● **WHAT IS EXPECTED**
Word for word, retype the lines from the one containing "PERSONALIZED Custom Engraved" to the one containing "4. In the Available" below, keeping both end lines and dropping the pictures.

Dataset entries
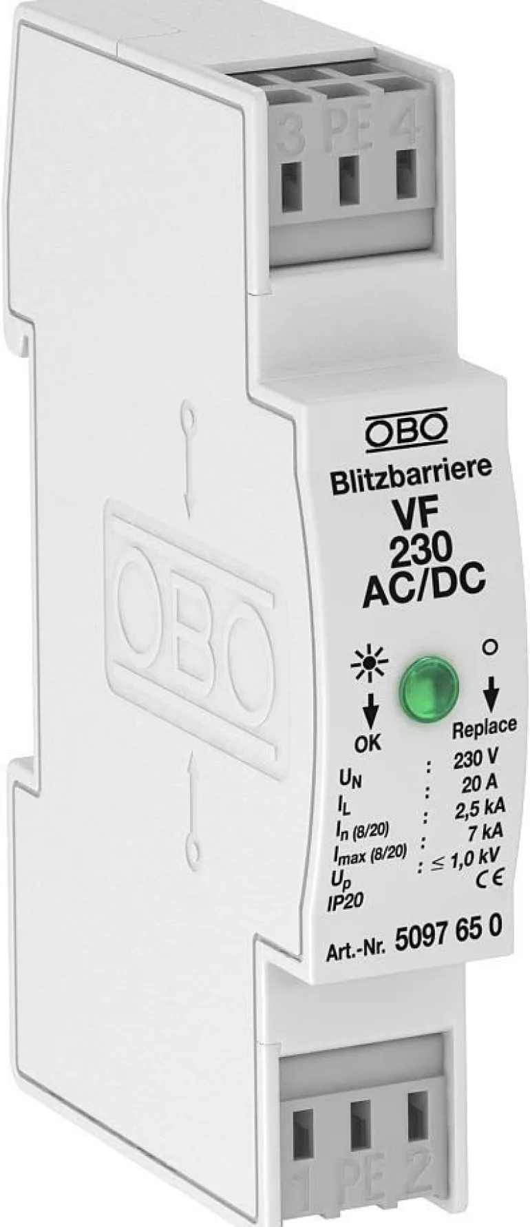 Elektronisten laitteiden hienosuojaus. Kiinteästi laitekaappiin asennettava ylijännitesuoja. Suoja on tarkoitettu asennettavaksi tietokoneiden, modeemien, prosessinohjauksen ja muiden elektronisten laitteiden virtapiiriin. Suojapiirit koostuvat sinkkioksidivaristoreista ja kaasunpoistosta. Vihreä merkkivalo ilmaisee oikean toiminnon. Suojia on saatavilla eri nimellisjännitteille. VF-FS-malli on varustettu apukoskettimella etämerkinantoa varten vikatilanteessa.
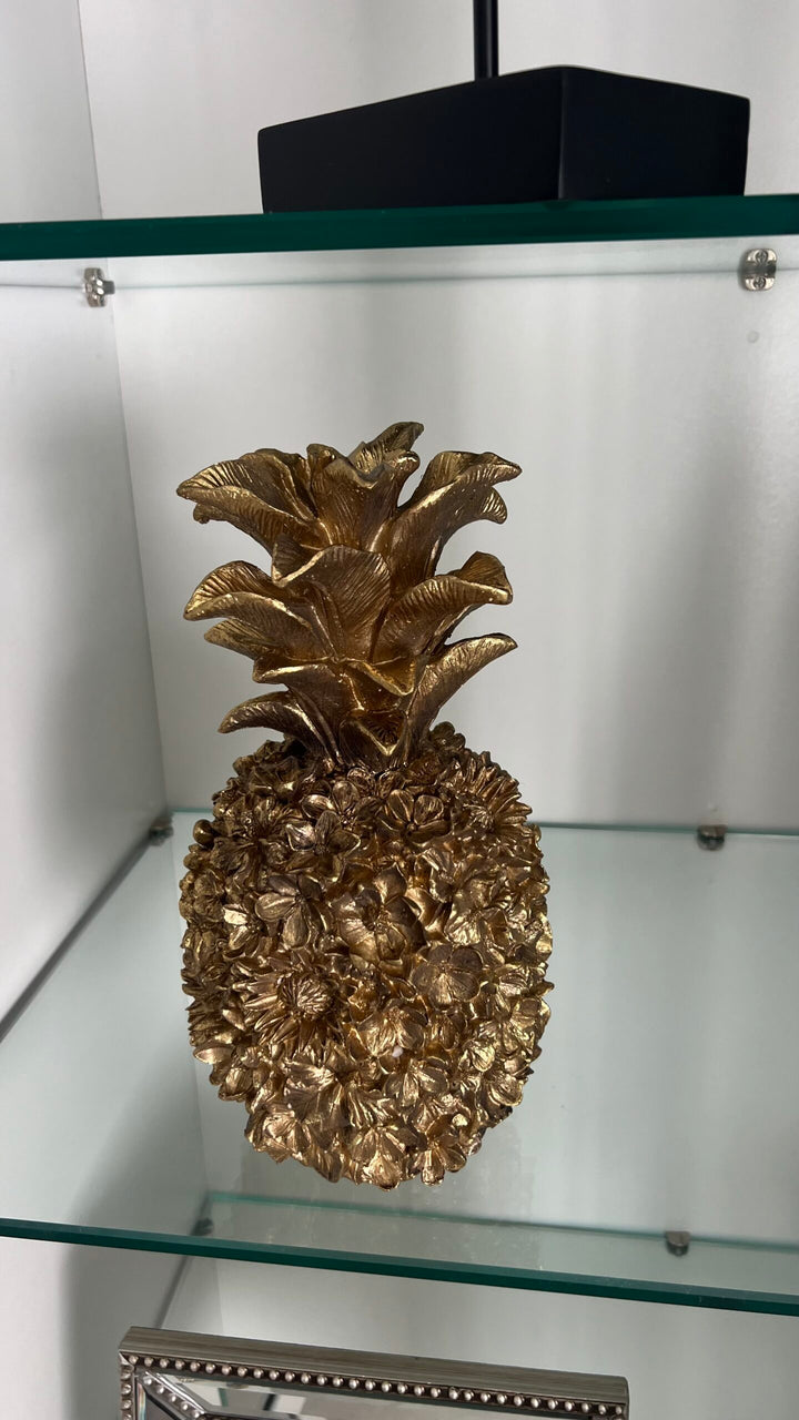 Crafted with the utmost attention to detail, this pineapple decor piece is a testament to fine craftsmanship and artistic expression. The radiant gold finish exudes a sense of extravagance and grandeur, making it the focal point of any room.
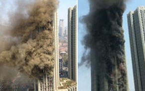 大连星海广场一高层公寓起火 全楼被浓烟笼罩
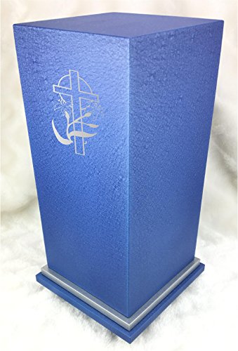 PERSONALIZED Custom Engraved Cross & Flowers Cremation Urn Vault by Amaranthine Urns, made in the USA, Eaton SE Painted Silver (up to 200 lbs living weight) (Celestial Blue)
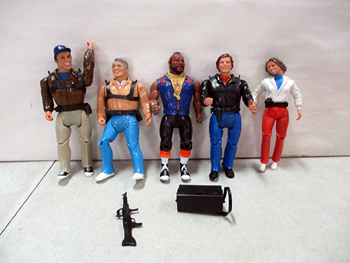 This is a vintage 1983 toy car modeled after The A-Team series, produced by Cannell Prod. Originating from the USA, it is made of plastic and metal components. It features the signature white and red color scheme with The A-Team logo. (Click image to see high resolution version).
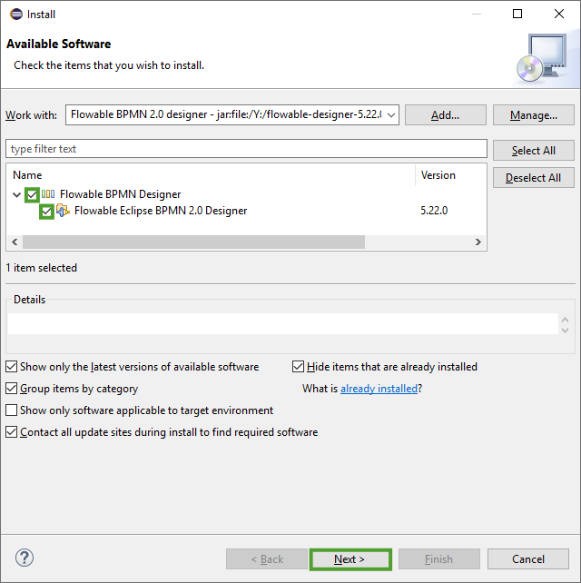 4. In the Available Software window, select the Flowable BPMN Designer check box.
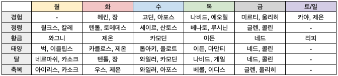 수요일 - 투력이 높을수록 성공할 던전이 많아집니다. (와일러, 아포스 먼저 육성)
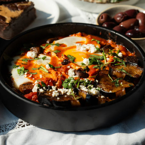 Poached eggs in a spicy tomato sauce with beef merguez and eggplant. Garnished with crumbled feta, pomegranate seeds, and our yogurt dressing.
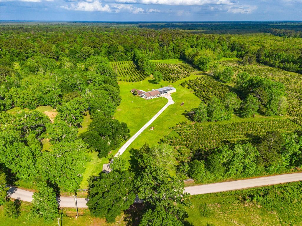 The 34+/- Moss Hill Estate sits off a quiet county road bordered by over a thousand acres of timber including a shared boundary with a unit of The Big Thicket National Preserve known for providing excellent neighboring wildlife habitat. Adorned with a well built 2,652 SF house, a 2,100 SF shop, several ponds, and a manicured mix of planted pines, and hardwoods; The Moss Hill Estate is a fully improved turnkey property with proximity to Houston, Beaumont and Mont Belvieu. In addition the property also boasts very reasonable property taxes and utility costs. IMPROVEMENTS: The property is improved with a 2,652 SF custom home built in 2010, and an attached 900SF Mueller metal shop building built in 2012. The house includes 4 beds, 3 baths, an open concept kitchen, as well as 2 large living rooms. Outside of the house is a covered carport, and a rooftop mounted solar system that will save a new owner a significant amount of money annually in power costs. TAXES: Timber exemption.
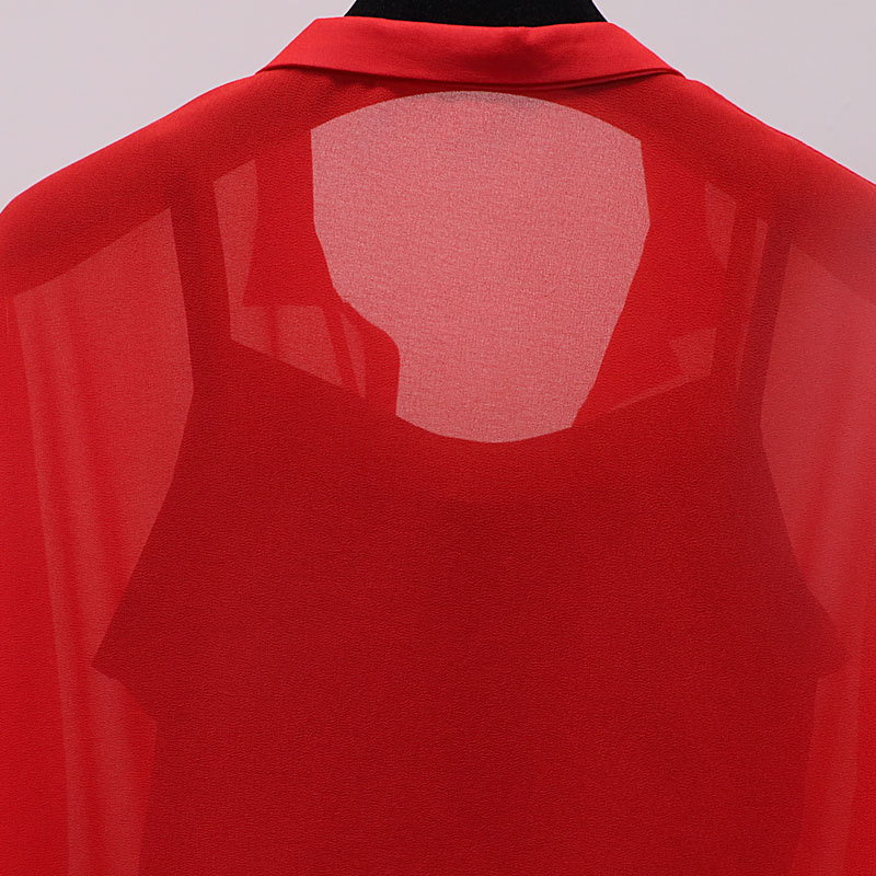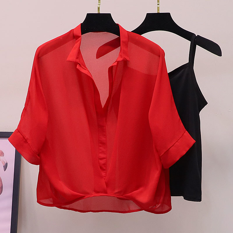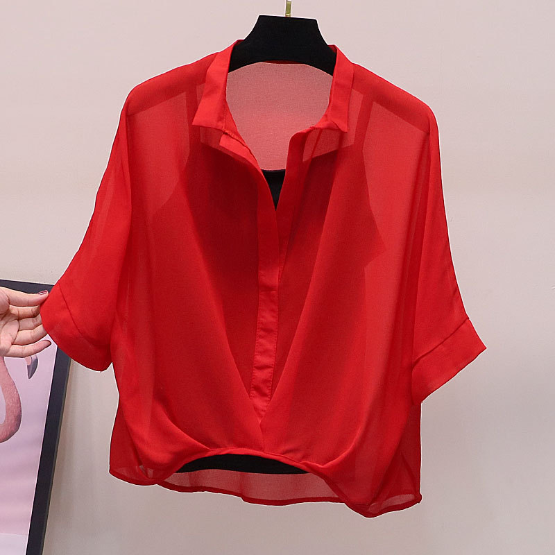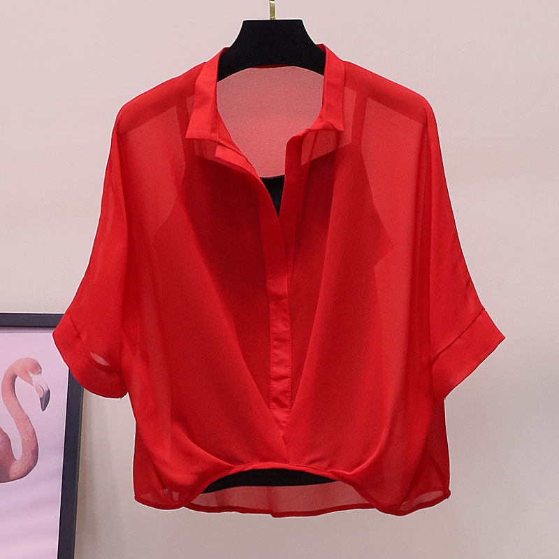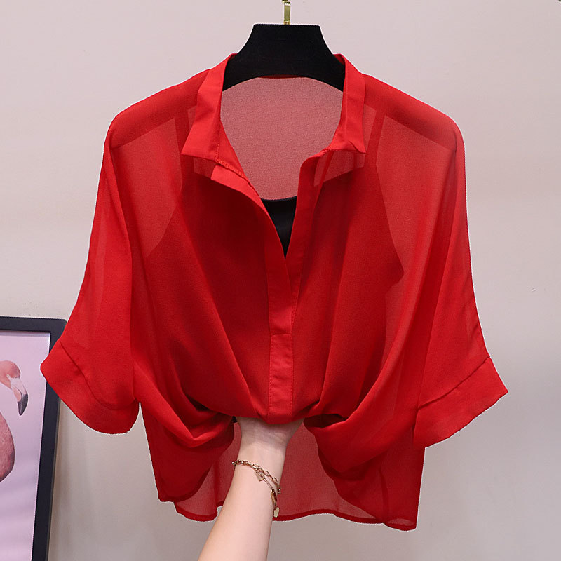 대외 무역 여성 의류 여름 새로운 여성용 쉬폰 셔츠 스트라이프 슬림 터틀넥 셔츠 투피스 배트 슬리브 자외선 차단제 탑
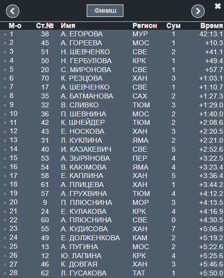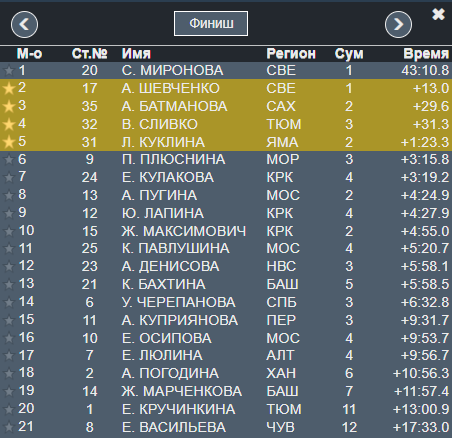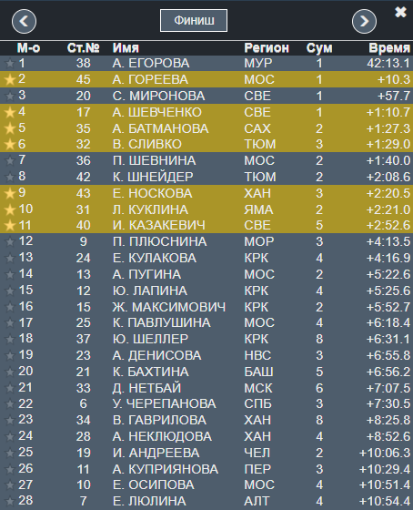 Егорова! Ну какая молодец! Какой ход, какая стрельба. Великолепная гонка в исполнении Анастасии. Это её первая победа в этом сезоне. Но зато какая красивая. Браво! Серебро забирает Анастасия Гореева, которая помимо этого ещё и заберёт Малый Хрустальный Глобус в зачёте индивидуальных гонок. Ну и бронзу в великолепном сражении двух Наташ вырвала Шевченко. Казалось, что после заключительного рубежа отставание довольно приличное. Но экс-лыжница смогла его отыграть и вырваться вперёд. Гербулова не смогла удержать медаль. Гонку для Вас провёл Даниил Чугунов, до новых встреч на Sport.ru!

● **RESPONSE BOX**
 PERSONALIZED Custom Engraved Cross & Flowers Cremation Urn Vault by Amaranthine Urns, made in the USA, Eaton SE Painted Silver (up to 200 lbs living weight) (Celestial Blue)
 This is a vintage 1983 toy car modeled after The A-Team series, produced by Cannell Prod. Originating from the USA, it is made of plastic and metal components. It features the signature white and red color scheme with The A-Team logo. (Click image to see high resolution version).
 4. In the Available Software window, select the Flowable BPMN Designer check box.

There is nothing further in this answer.